WORK REQUIRED:
Exact copy, no pictures: return only the lines below from the line with "トップス Tシャツ ミディアム丈" up to and including the line with "6. Растушевать светло-бежевые".

THE DATA:

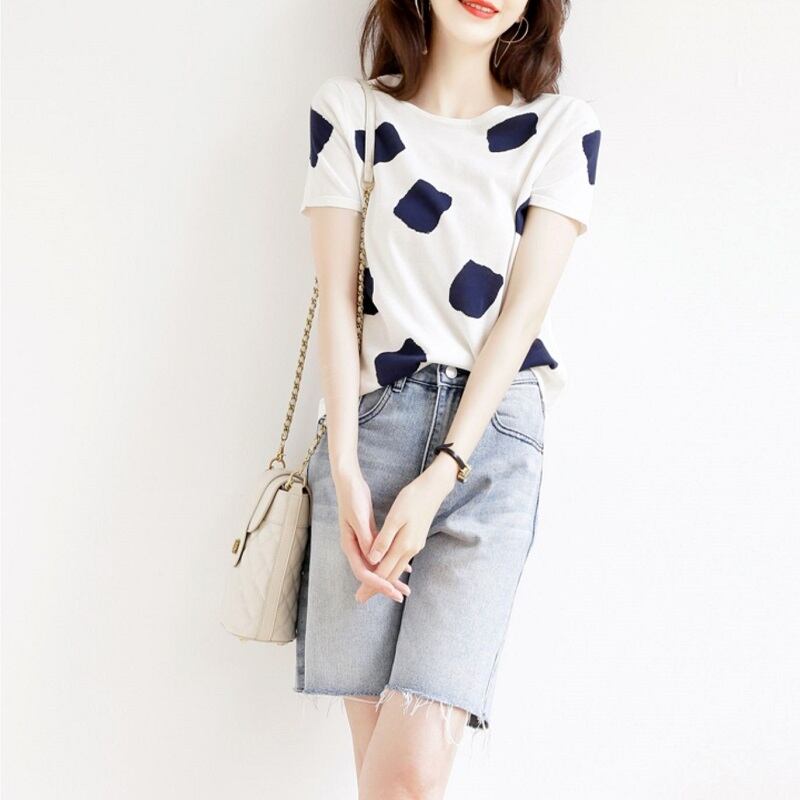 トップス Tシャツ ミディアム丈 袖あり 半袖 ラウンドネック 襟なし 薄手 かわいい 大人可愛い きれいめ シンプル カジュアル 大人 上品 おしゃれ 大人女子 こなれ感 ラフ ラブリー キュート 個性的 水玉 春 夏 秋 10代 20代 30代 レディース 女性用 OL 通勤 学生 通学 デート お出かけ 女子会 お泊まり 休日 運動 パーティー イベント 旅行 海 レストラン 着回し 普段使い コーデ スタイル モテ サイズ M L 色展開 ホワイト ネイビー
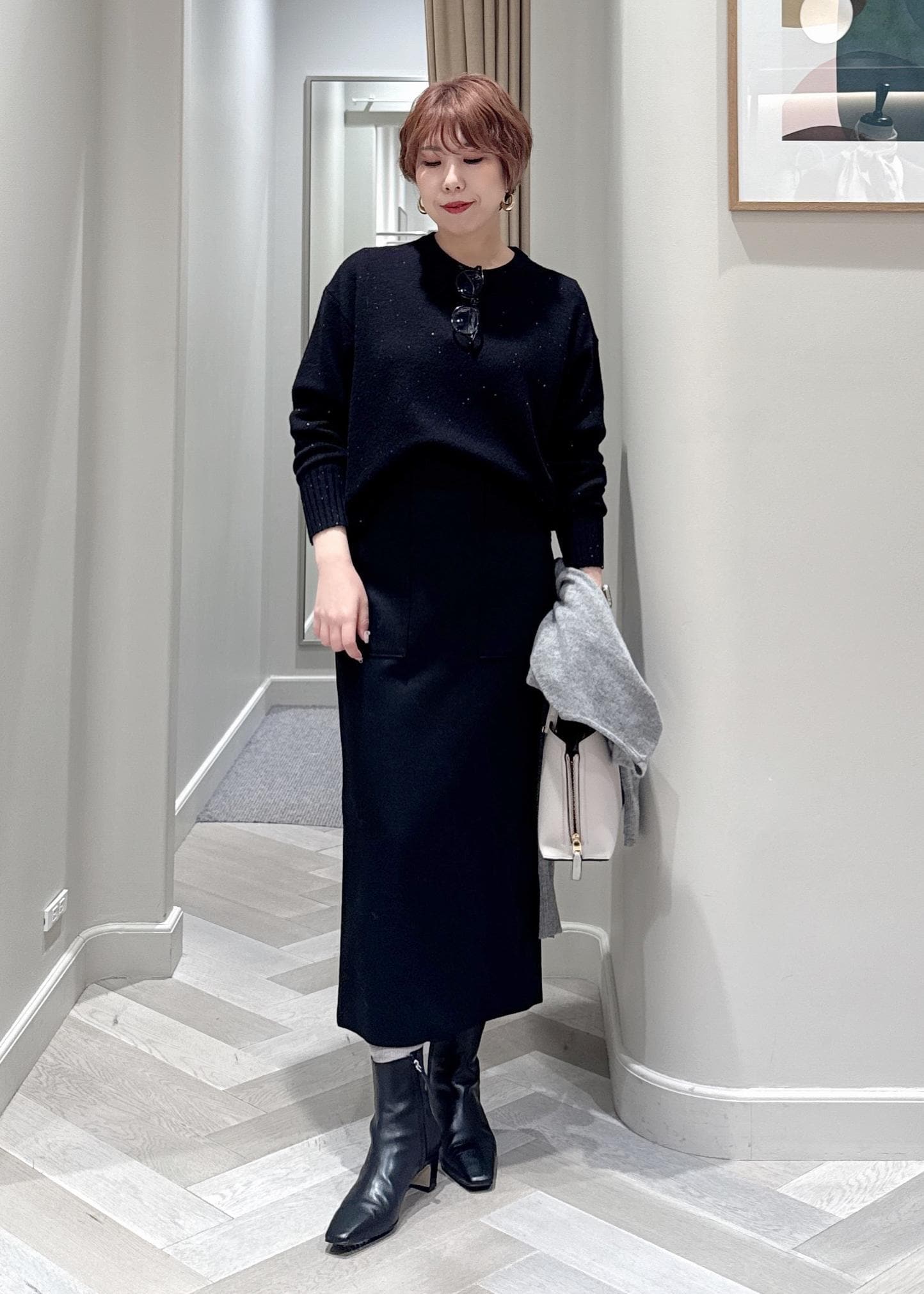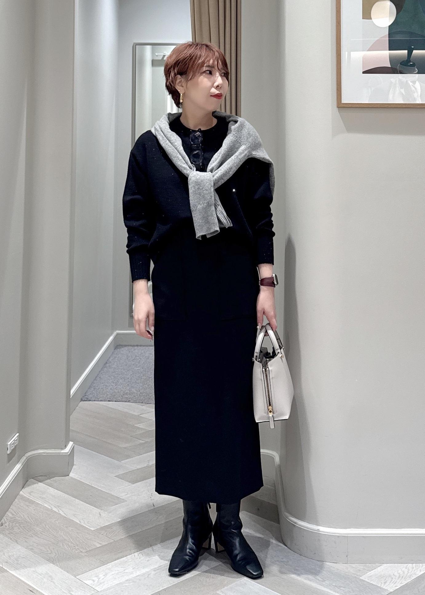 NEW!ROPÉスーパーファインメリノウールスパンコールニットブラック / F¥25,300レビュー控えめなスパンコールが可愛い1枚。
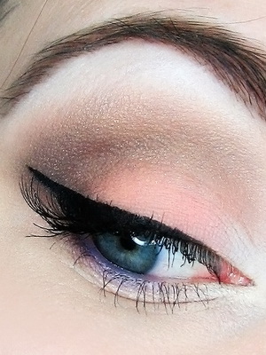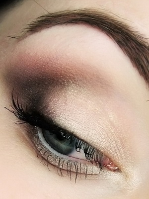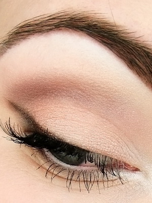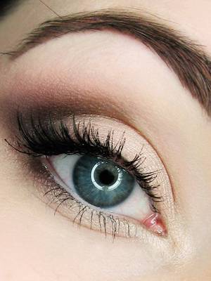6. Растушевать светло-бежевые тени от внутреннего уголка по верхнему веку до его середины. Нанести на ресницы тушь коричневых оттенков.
---
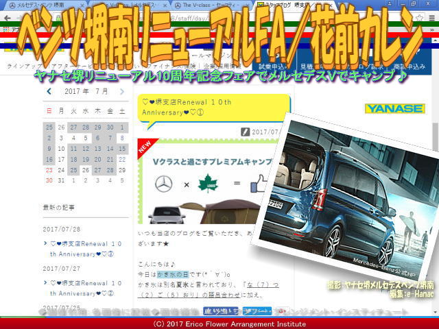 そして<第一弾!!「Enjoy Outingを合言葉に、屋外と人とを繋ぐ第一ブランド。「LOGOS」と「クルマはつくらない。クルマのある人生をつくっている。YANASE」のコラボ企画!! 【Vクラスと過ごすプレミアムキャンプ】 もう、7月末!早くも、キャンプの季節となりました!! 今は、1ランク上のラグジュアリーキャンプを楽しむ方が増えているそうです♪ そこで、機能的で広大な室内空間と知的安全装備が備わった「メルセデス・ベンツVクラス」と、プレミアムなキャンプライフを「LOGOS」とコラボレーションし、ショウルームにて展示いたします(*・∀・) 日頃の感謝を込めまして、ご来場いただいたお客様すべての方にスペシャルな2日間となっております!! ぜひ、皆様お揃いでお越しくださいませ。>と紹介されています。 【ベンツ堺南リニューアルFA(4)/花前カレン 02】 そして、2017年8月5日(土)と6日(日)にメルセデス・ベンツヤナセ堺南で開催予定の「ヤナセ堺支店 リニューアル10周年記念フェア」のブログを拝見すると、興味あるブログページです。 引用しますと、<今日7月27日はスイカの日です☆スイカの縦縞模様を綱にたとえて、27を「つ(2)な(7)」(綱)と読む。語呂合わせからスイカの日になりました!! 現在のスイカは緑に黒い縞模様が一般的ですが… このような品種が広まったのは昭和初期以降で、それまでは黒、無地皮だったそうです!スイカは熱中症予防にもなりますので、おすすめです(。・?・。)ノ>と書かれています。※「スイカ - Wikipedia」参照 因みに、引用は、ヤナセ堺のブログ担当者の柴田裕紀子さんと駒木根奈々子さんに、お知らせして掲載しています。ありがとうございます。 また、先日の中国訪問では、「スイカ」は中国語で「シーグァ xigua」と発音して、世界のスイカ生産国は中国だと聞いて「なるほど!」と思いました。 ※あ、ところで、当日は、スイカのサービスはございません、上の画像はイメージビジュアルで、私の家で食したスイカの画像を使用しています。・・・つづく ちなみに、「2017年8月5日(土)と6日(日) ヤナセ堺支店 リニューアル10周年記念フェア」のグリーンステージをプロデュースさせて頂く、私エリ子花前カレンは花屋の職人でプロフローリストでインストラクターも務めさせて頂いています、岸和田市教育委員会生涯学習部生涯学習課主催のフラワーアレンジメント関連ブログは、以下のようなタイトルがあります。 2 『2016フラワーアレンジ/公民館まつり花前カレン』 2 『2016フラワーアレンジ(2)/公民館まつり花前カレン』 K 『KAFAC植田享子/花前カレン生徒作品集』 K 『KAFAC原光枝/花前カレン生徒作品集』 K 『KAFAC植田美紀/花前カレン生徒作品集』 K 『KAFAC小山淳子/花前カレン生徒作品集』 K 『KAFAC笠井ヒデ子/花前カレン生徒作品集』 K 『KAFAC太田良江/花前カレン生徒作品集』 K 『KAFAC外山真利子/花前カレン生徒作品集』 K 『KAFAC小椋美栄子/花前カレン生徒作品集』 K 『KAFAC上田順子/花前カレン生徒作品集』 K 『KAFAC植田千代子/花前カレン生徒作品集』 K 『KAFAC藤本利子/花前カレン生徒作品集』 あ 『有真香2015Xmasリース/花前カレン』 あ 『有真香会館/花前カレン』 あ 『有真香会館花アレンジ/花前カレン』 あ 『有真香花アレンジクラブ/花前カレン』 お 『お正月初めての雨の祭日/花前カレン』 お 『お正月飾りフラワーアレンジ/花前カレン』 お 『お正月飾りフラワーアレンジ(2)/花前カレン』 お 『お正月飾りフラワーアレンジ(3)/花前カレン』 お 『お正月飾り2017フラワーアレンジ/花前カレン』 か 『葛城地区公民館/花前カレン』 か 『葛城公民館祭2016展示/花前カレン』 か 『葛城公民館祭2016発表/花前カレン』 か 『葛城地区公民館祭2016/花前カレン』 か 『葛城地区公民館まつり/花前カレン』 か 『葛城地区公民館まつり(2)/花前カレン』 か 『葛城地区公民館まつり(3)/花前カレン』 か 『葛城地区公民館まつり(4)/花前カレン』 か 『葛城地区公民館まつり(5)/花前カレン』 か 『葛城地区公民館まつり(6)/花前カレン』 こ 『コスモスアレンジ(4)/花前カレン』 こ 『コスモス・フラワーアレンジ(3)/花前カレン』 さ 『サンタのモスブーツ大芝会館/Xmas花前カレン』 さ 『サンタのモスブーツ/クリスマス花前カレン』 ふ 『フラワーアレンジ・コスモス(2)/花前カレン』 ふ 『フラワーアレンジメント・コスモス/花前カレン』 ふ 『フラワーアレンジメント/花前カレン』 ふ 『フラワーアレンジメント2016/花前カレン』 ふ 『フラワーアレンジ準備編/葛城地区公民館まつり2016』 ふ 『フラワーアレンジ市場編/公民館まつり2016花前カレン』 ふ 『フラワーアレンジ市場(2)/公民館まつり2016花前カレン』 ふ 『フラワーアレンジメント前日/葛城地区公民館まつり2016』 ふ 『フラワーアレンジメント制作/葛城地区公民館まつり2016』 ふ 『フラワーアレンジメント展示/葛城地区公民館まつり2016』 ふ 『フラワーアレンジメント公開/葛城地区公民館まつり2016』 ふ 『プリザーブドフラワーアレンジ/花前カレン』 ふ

EXERCISE ANSWER:
 トップス Tシャツ ミディアム丈 袖あり 半袖 ラウンドネック 襟なし 薄手 かわいい 大人可愛い きれいめ シンプル カジュアル 大人 上品 おしゃれ 大人女子 こなれ感 ラフ ラブリー キュート 個性的 水玉 春 夏 秋 10代 20代 30代 レディース 女性用 OL 通勤 学生 通学 デート お出かけ 女子会 お泊まり 休日 運動 パーティー イベント 旅行 海 レストラン 着回し 普段使い コーデ スタイル モテ サイズ M L 色展開 ホワイト ネイビー
 NEW!ROPÉスーパーファインメリノウールスパンコールニットブラック / F¥25,300レビュー控えめなスパンコールが可愛い1枚。
6. Растушевать светло-бежевые тени от внутреннего уголка по верхнему веку до его середины. Нанести на ресницы тушь коричневых оттенков.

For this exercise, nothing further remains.